Exercise description ->
For the data that follows, print the line with "ホテルや機内などの手軽に持ち運んで使えるパイルスリッパ。", the line with "The total appears", and all lines between them, exactly as they stand. Omit pictures and add nothing.

Records to use ->

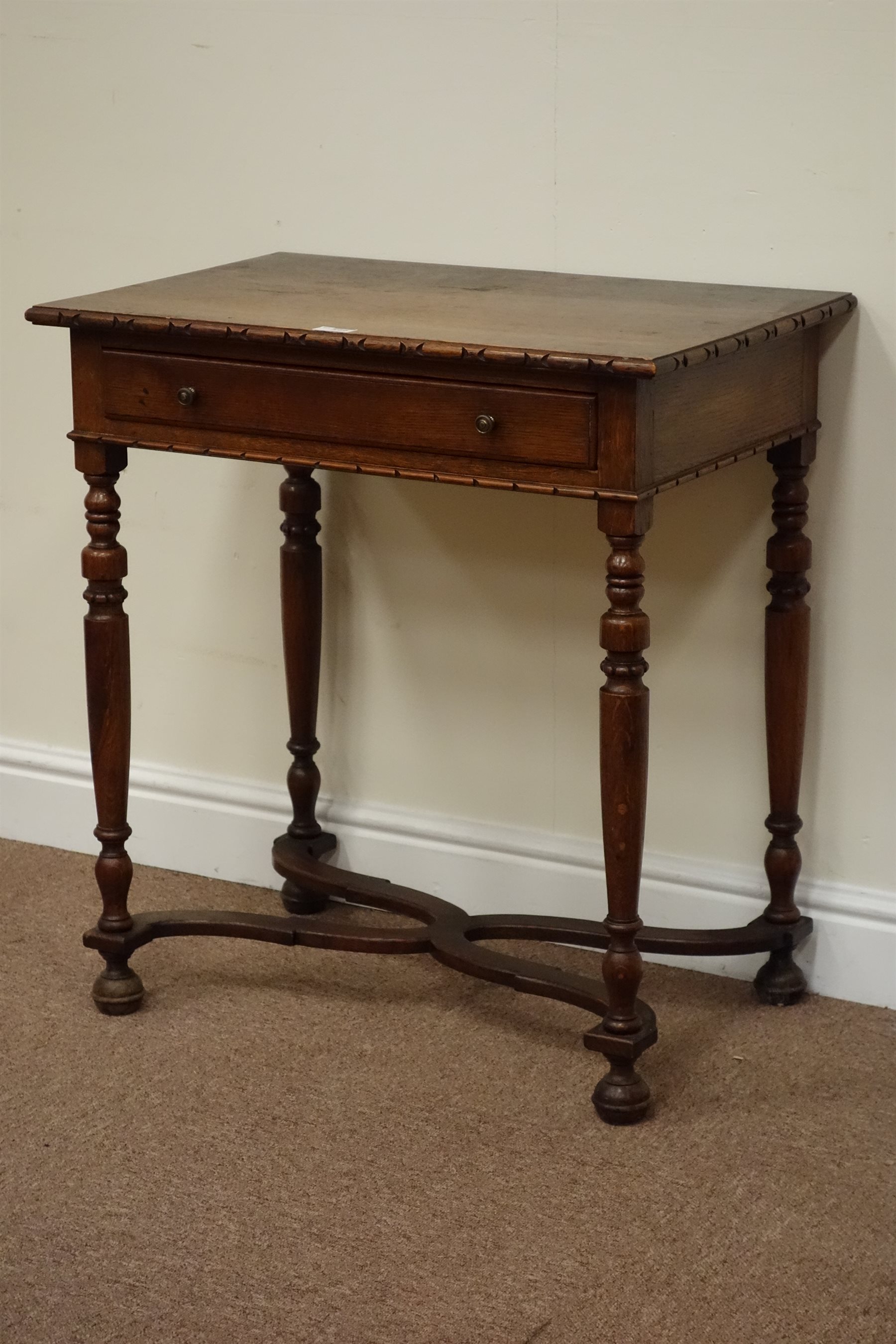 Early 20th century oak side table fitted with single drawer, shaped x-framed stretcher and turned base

...

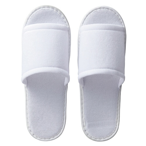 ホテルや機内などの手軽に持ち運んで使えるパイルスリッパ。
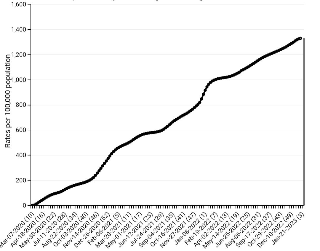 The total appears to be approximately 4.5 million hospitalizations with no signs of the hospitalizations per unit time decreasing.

---

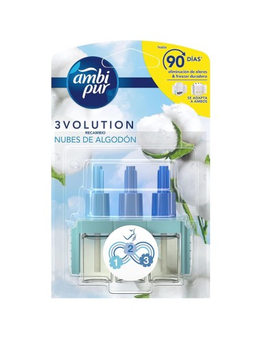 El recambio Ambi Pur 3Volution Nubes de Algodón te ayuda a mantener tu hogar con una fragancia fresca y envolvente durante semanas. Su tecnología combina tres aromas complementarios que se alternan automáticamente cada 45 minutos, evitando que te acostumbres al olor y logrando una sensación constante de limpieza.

Answer space ->
 ホテルや機内などの手軽に持ち運んで使えるパイルスリッパ。
 The total appears to be approximately 4.5 million hospitalizations with no signs of the hospitalizations per unit time decreasing.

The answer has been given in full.